[[ Dataset section, beginning ]]
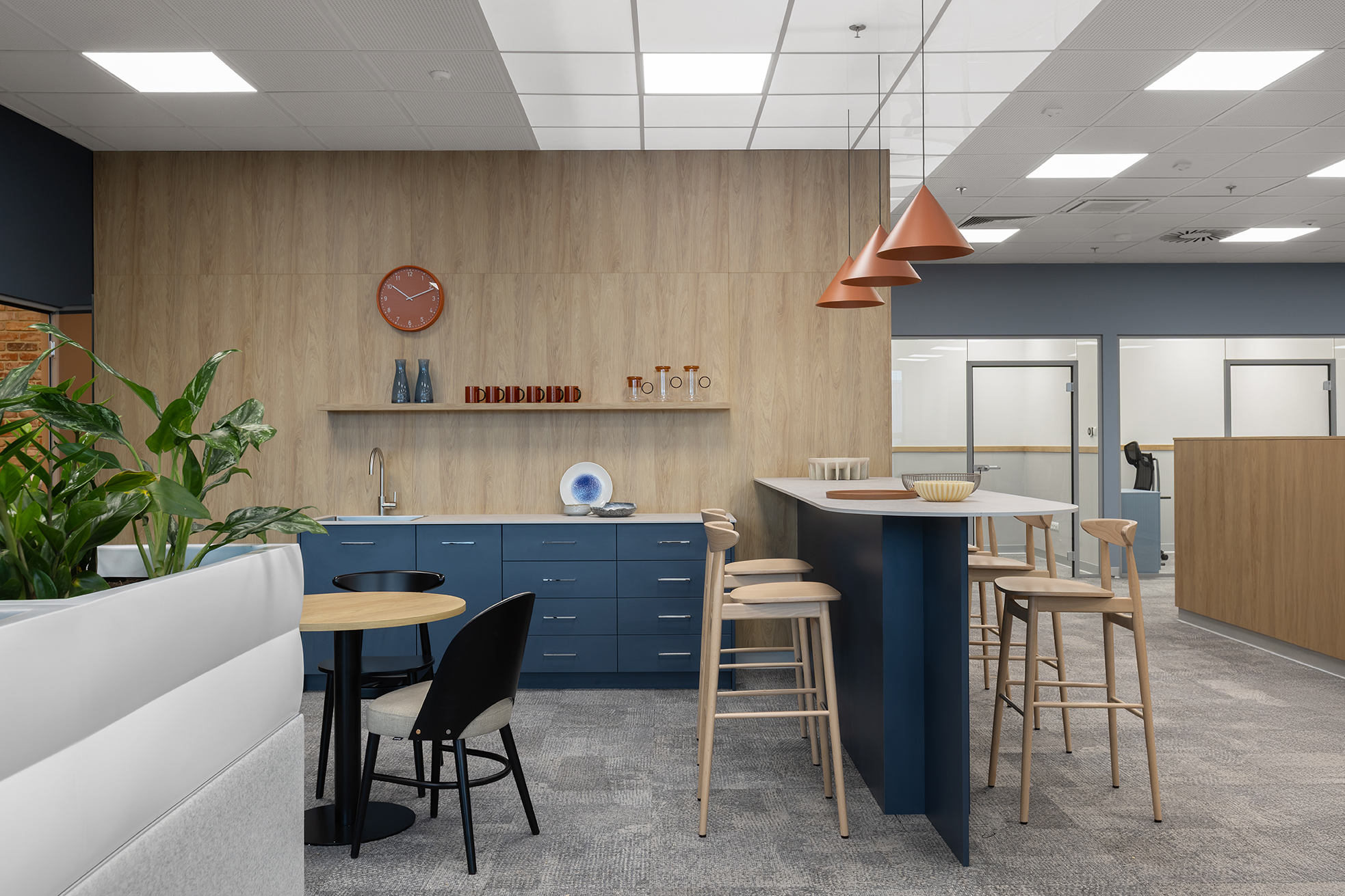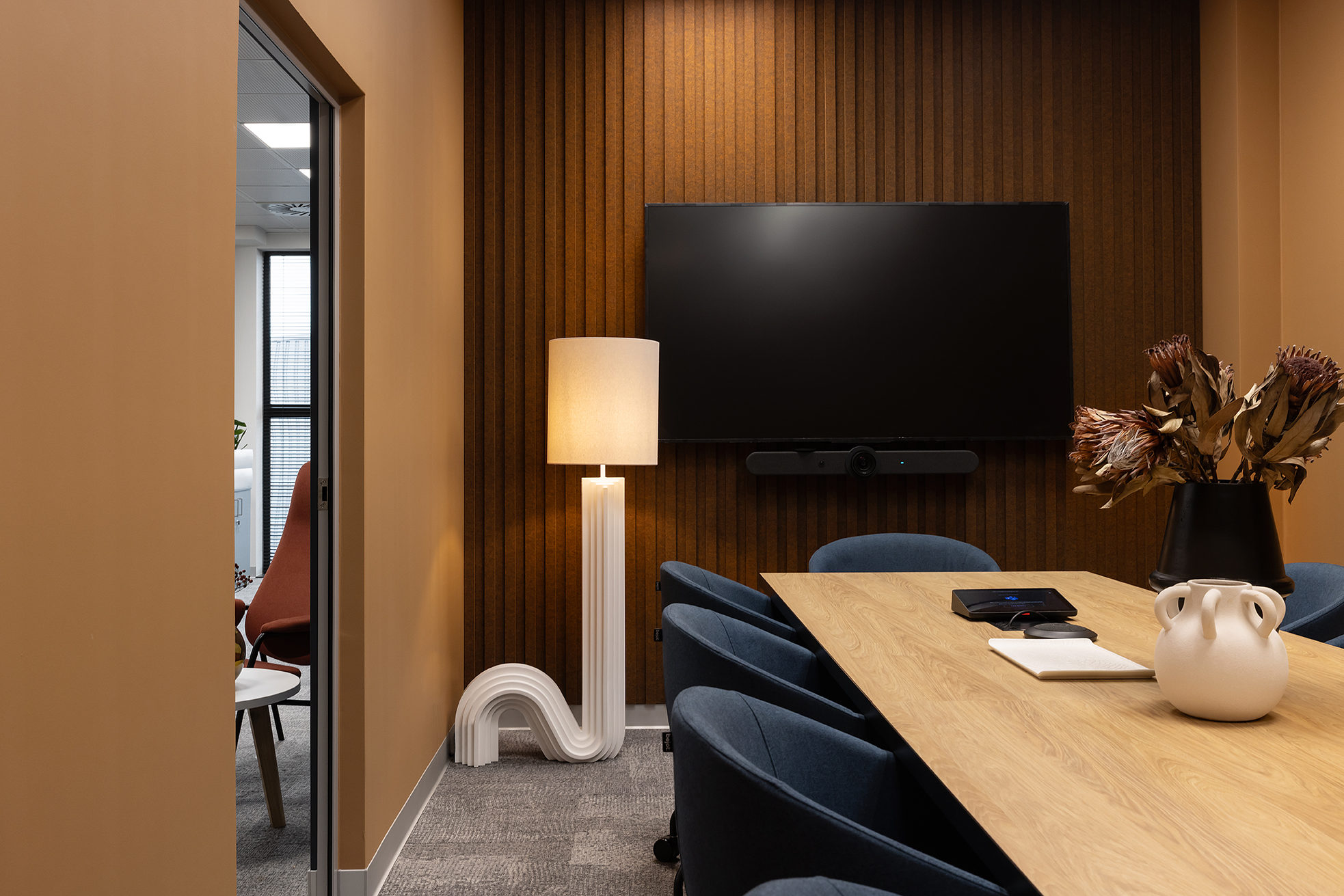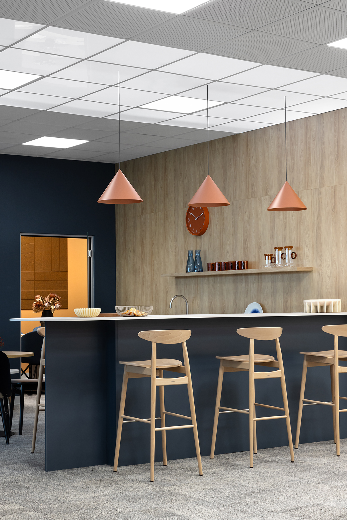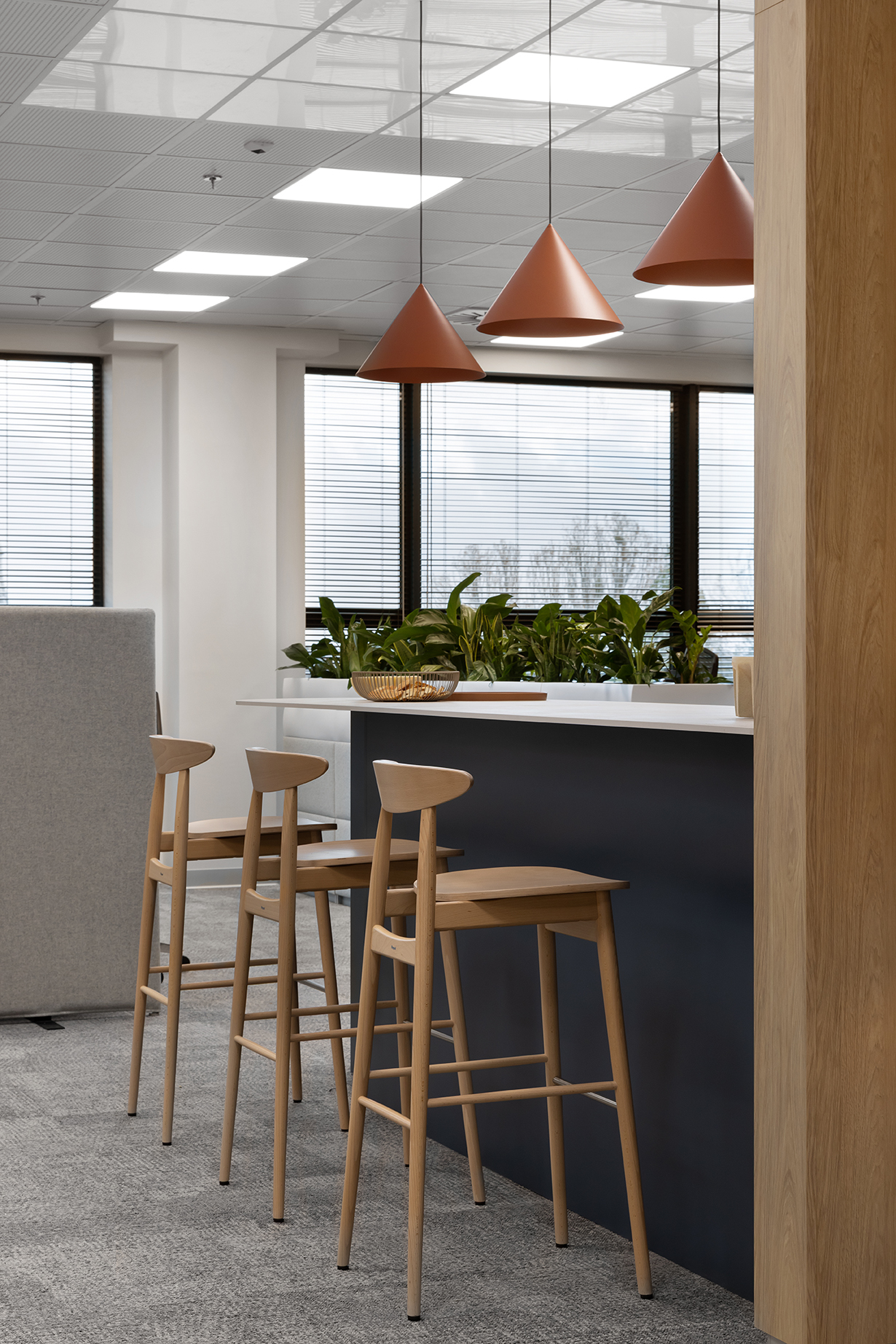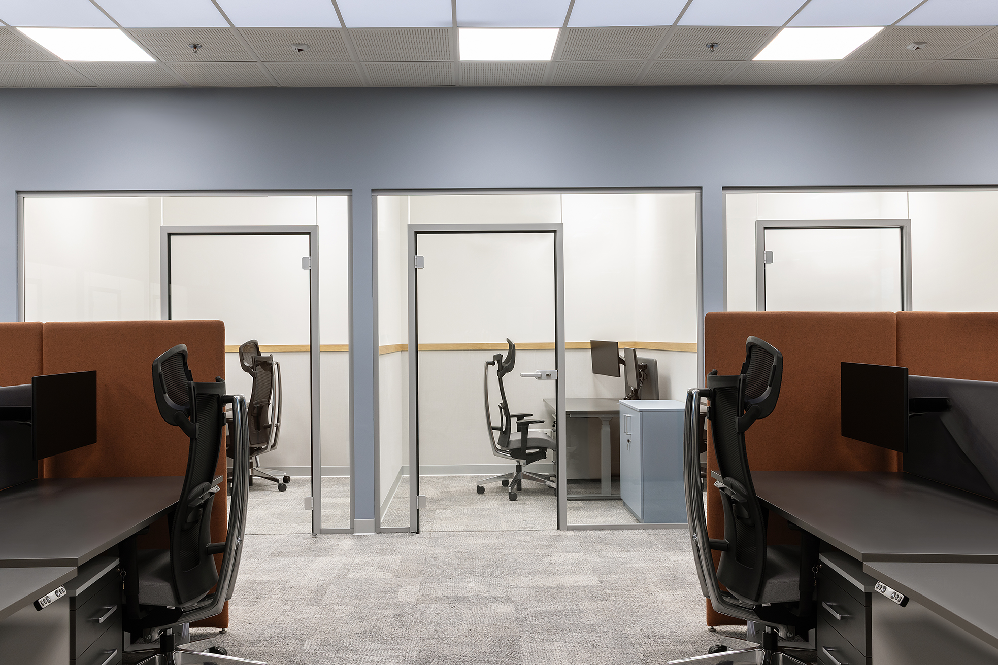 Całość została zaprojektowana z myślą o zapewnieniu komfortowych warunków pracy, przy jednoczesnym dostosowaniu przestrzeni do specyfiki organizacyjnej zespołów.
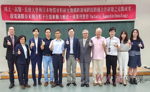 (觀傳媒台南新聞) 【記者陳彥霖/台南報導】國立成功大學、高雄醫學大學、長庚大學與日本物質材料研究機構,今(23)日於成大化學系舉辧「放電菌膜奈米複合粒子行放射動力療法」(Electroactive Membrane Fusion-liposome for Increased Electron Transfer to Enhance Radio-dynamic Therapy)研究成果刊登國際著名期刊 -《自然奈米技術》(Nature Nanotechnology)聯合發表會。
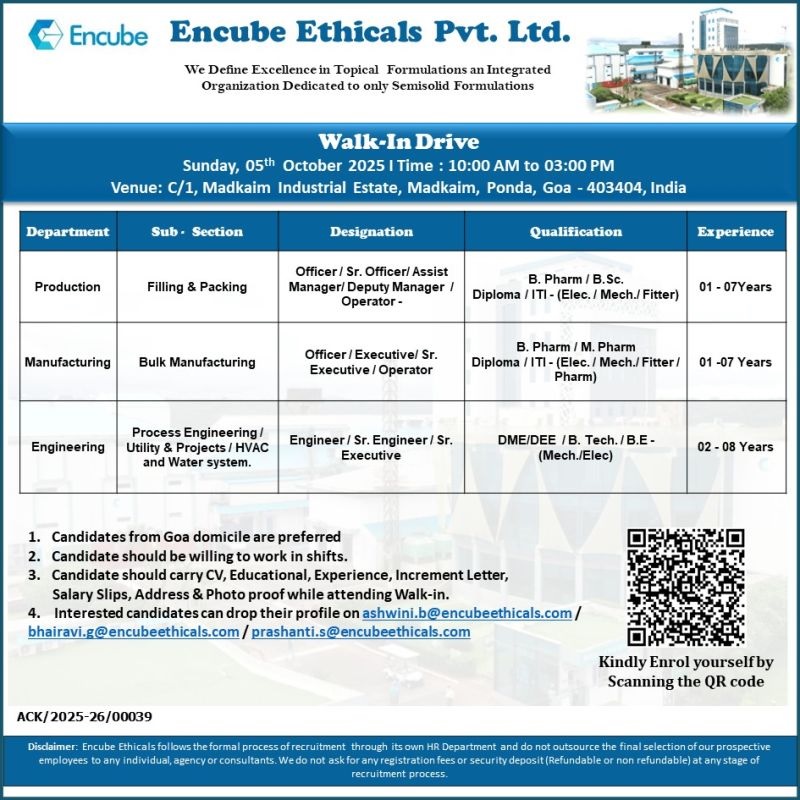 Encube Ethicals- Walk-In Interview For Production, Manufacturing & Engineering on 05th October 2025
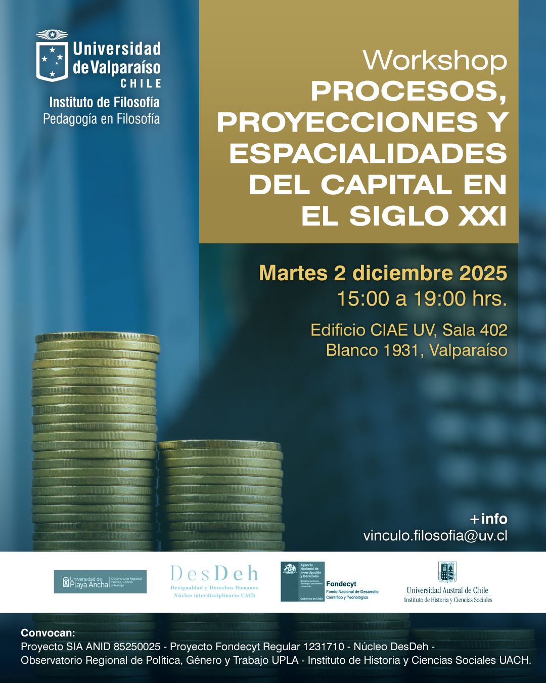 Convoca el Instituto de Filosofía de la Facultad de Humanidades y Educación de la Universidad de Valparaíso, junto a Proyecto SIA ANID 85250025, Proyecto Fondecyt Regular 1231710, Observatorio Regional de Política, Género y Trabajo UPLA, Núcleo DesDeh e Instituto de Historia y Ciencias Sociales UACH.
[[ Dataset section, end ]]
__Aim of the task__.
Copying starts at the line containing "Encube Ethicals- Walk-In" and ends at the last line of the material above; repeat only those lines exactly and omit the pictures.

__Expected answer__.
 Encube Ethicals- Walk-In Interview For Production, Manufacturing & Engineering on 05th October 2025
 Convoca el Instituto de Filosofía de la Facultad de Humanidades y Educación de la Universidad de Valparaíso, junto a Proyecto SIA ANID 85250025, Proyecto Fondecyt Regular 1231710, Observatorio Regional de Política, Género y Trabajo UPLA, Núcleo DesDeh e Instituto de Historia y Ciencias Sociales UACH.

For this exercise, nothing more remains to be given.